Data pipelines in {rixpress}
often require controlling
how objects are stored and restored, especially when dealing with:
{qs}
compressed files,
etc.).This vignette focuses on encoding and decoding in R,
and on transferring data between R and Python using
rxp_py2r()
and rxp_r2py()
.
By default, {rixpress}
uses saveRDS()
and
readRDS()
. You can override this to handle different
formats or complex objects:
library(rixpress)
# Encode output as CSV instead of RDS
d2 <- rxp_r(
mtcars_head,
my_head(mtcars_am, 100),
user_functions = "my_head.R",
nix_env = "default.nix",
encoder = write.csv
)
# Encode as qs, decode input from CSV
d3 <- rxp_r(
mtcars_tail,
my_tail(mtcars_head),
user_functions = "my_tail.R",
nix_env = "default2.nix",
encoder = qs::qsave,
decoder = read.csv
)
# Decode multiple upstream objects with different decoders
d4 <- rxp_r(
mtcars_mpg,
full_join(mtcars_tail, mtcars_head),
nix_env = "default2.nix",
decoder = c(
mtcars_tail = "qs::qread",
mtcars_head = "read.csv"
)
)
Key points:
encoder
controls how this step’s output is stored.decoder
specifies how to read inputs from upstream
derivations.As shown in the examples above, you can pass a function or a string
representation of the function to encoder
and
decoder
.
By encoding the object in a cross-language format, it is possible to pass it to another language.

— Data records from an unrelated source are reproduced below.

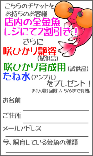 金魚生体をお買い上げ頂かなくても、チケットをご記入の上お持ち頂ければ、勿論プレゼントしちゃいますよ!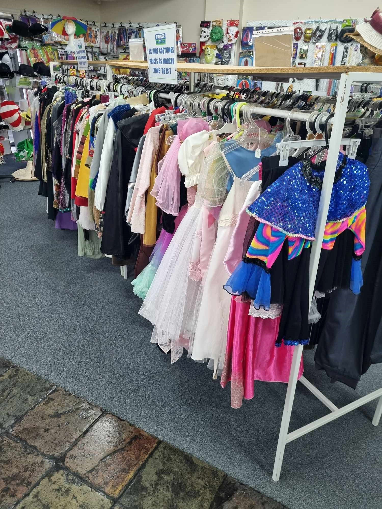 We have acquired a HUGE quantity of quality ex-hire costumes for men, ladies and children, along with thousands of accessories to suit. Prices are as marked on items, and you take as is. These items are one-off items, and never to be repeated, so hurry in to check out what we have!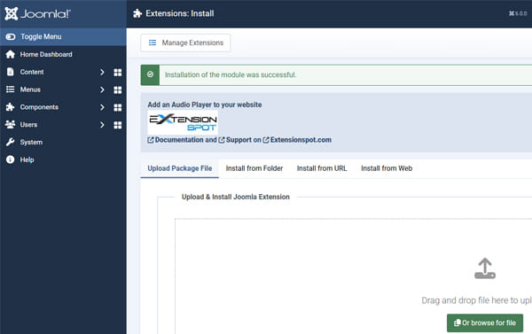 mod_es_audio_player-vjx.v.xx.zipfile you downloaded onto the upload area. - Once you see the "Installation of the module was successful" message, you are ready to start.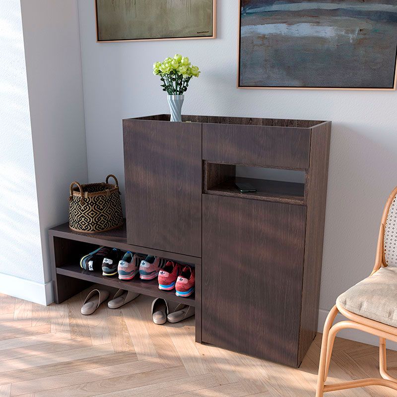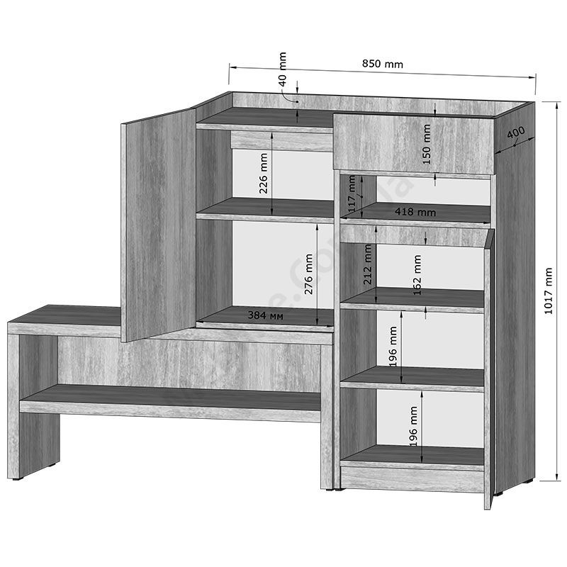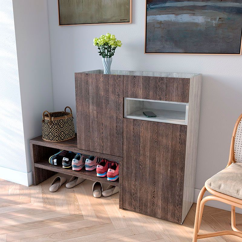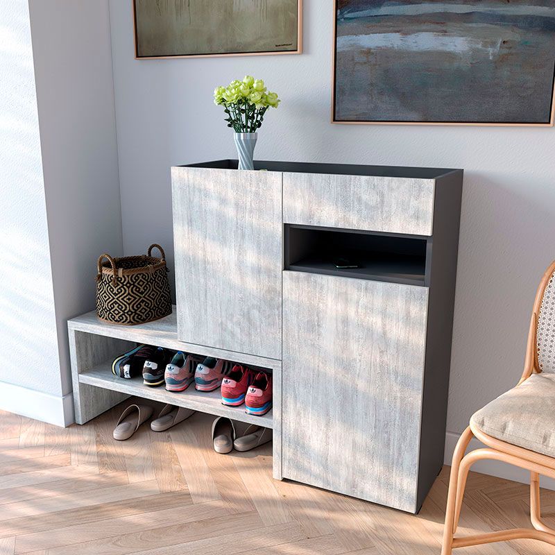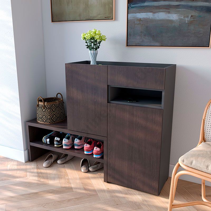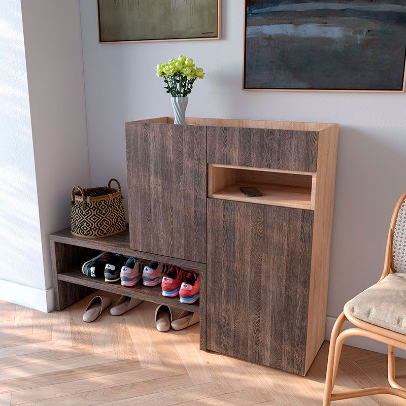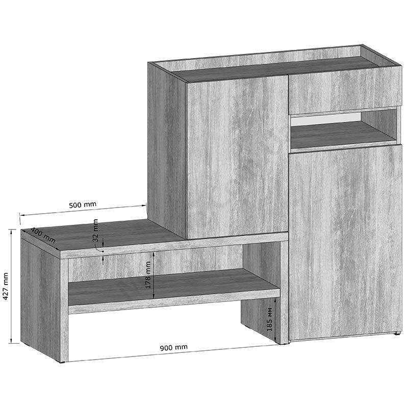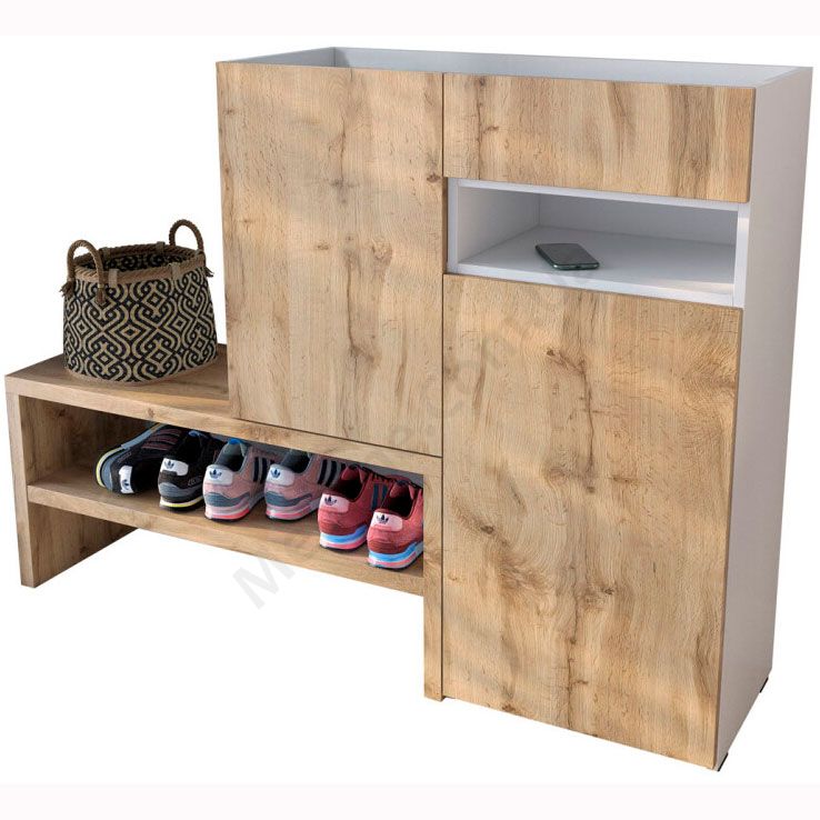 Тумба для взуття з приставкою, дверцятами та висувною шухлядою.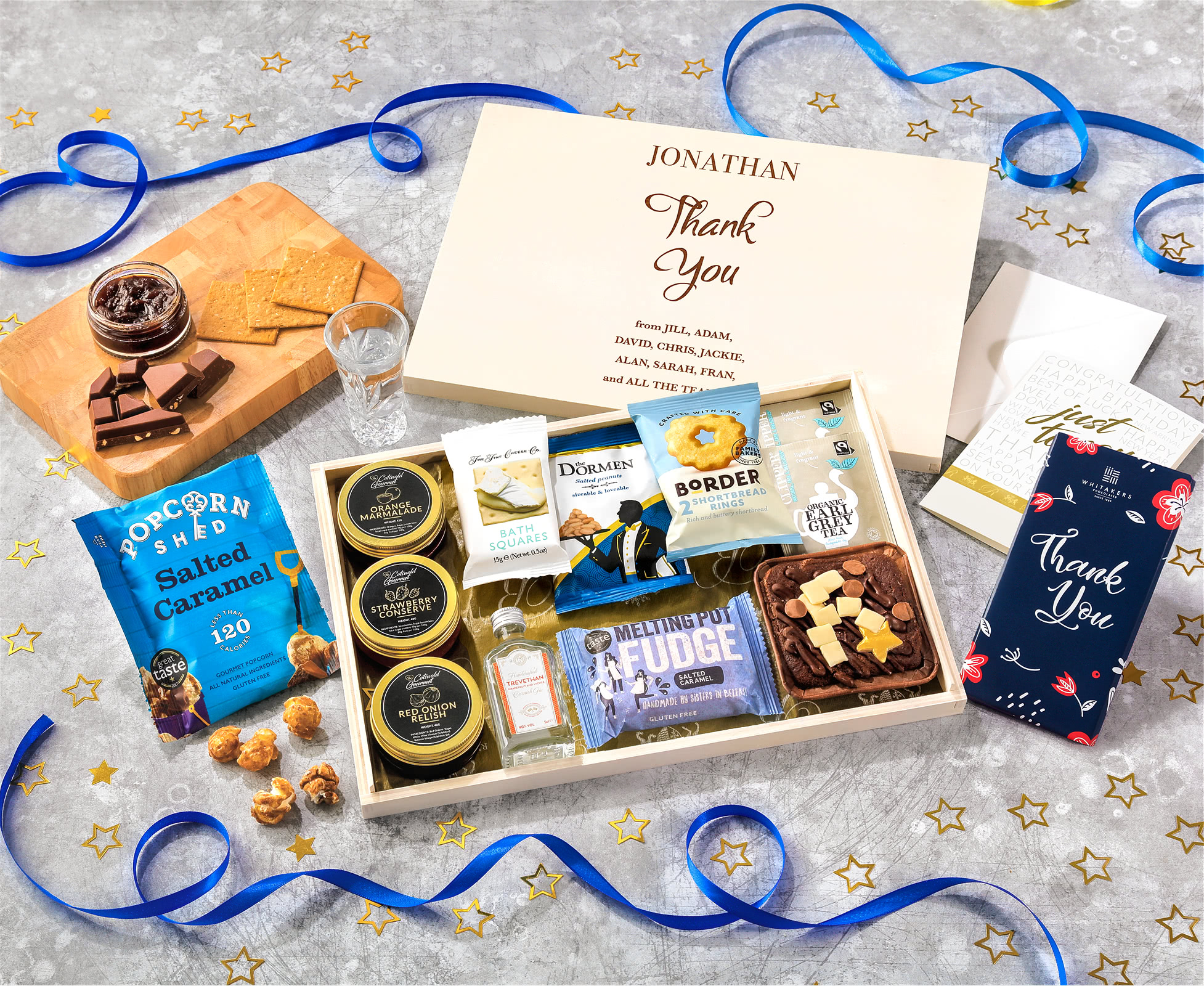 Thank You Tea Time Cake, Chocolate & Nibbles Letterbox Hamper With Cornish Gin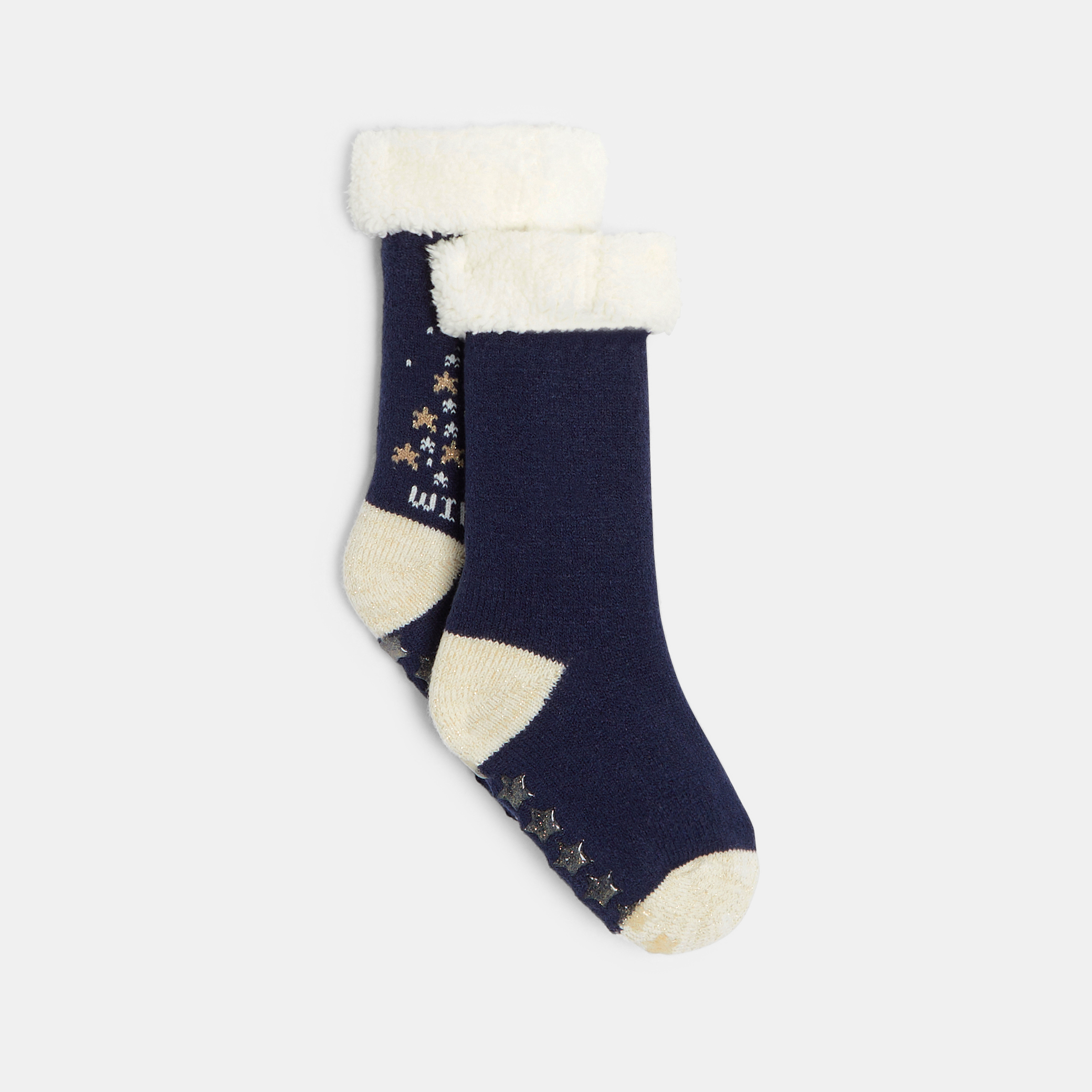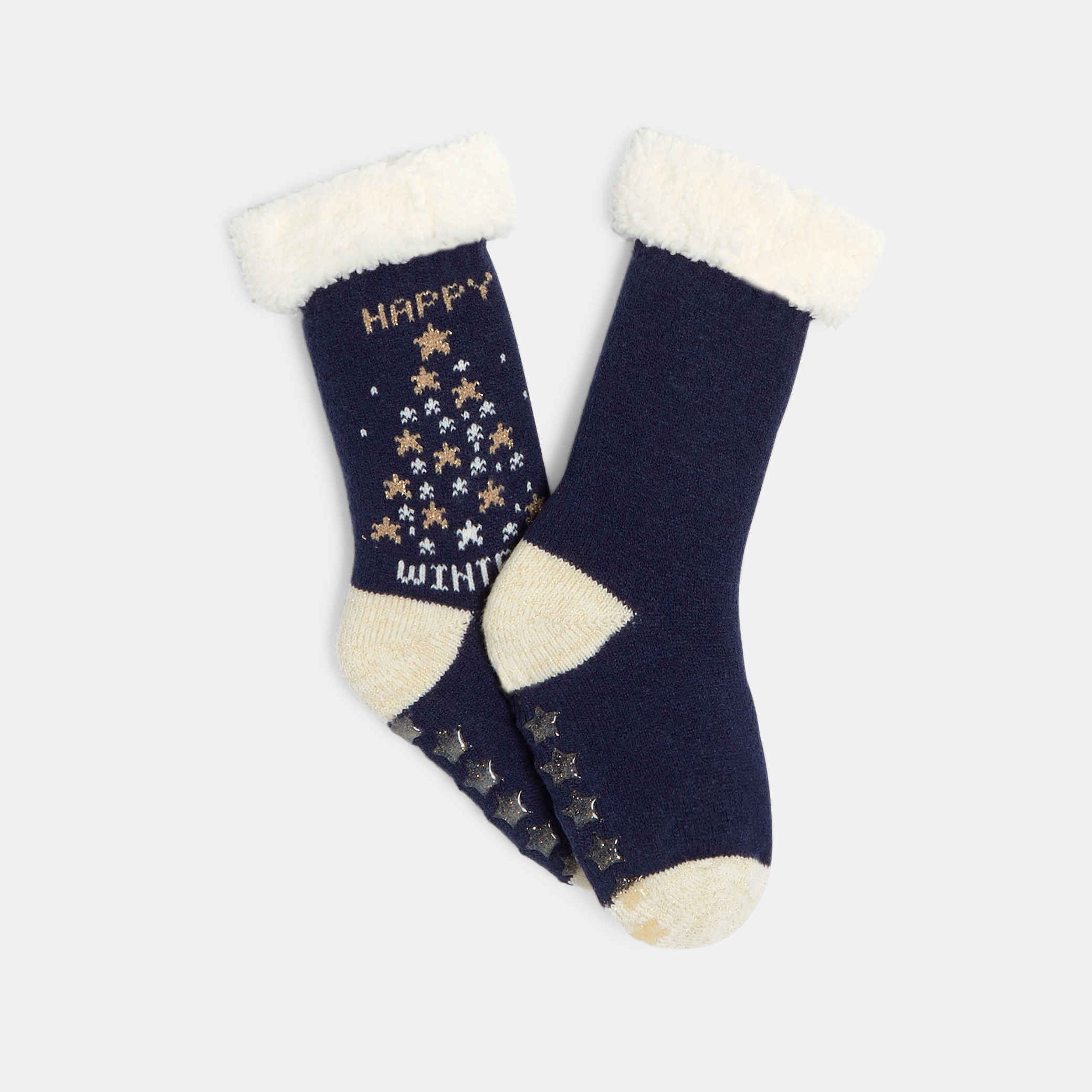 Много меки и непързалящи се: този чифт високи чорапи поддържат краката на момичетата топли! Чорапи - чехли от мека, еластична плетка, подплатени с вълна от шерпа. Коледен мотив. Маркирана пета и пръсти. Идея за подарък.

For example, read a csv file using Julia, encode it to Arrow and read it back in R:
library(rixpress)
list(
rxp_jl_file(
mtcars,
# Assume here that mtcars.csv is separated by "|" instead of ","
path = "data/mtcars.csv",
read_function = "read_csv",
user_functions = "functions.jl",
encoder = "write_arrow"
# read_csv and write_arrow are both
# defined in the functions.jl script
# and looks like this:
#function write_arrow(df::DataFrame, filename::String)
# Arrow.write(filename, df)
#end
#function read_csv(path::String)
# df = CSV.read(path, DataFrame; delim="|")
#return df
#end
),
rxp_r(
mtcars2,
select(mtcars, am, cyl, mpg),
decoder = "read_feather"
)
) |>
rxp_populate()
You can find this example here. You can use the same approach to transfer data to Python (well, from and to any of the three supported languages).
In the specific case of transferring objects (data, lists, vectors,
arrays, etc.) between R and Python, it also possible to use
{reticulate}
’s built-in conversion by using
rxp_py2r()
and rxp_r2py()
. These functions
enable seamless movement of objects between R and Python:
library(rixpress)
# Python step producing pandas DataFrame
d1 <- rxp_py(
name = mtcars_pl_am,
expr = "mtcars_pl.filter(polars.col('am') == 1).to_pandas()"
)
# Transfer Python -> R
d2 <- rxp_py2r(
name = mtcars_am,
expr = mtcars_pl_am
)
# R step processing the data
d3 <- rxp_r(
name = mtcars_head,
expr = my_head(mtcars_am),
user_functions = "functions.R"
)
# Transfer R -> Python
d3_1 <- rxp_r2py(
name = mtcars_head_py,
expr = mtcars_head
)
For this to work, you need to add {reticulate}
to the
pipeline’s execution environment.
encoder
/decoder
for non-RDS objects
(CSV, {qs}
, Keras models) and to pass data to and from
different languages.rxp_py2r()
and rxp_r2py()
if you want
to re-use {reticulate}
’s bulit-in conversion (useful for
more complex objects).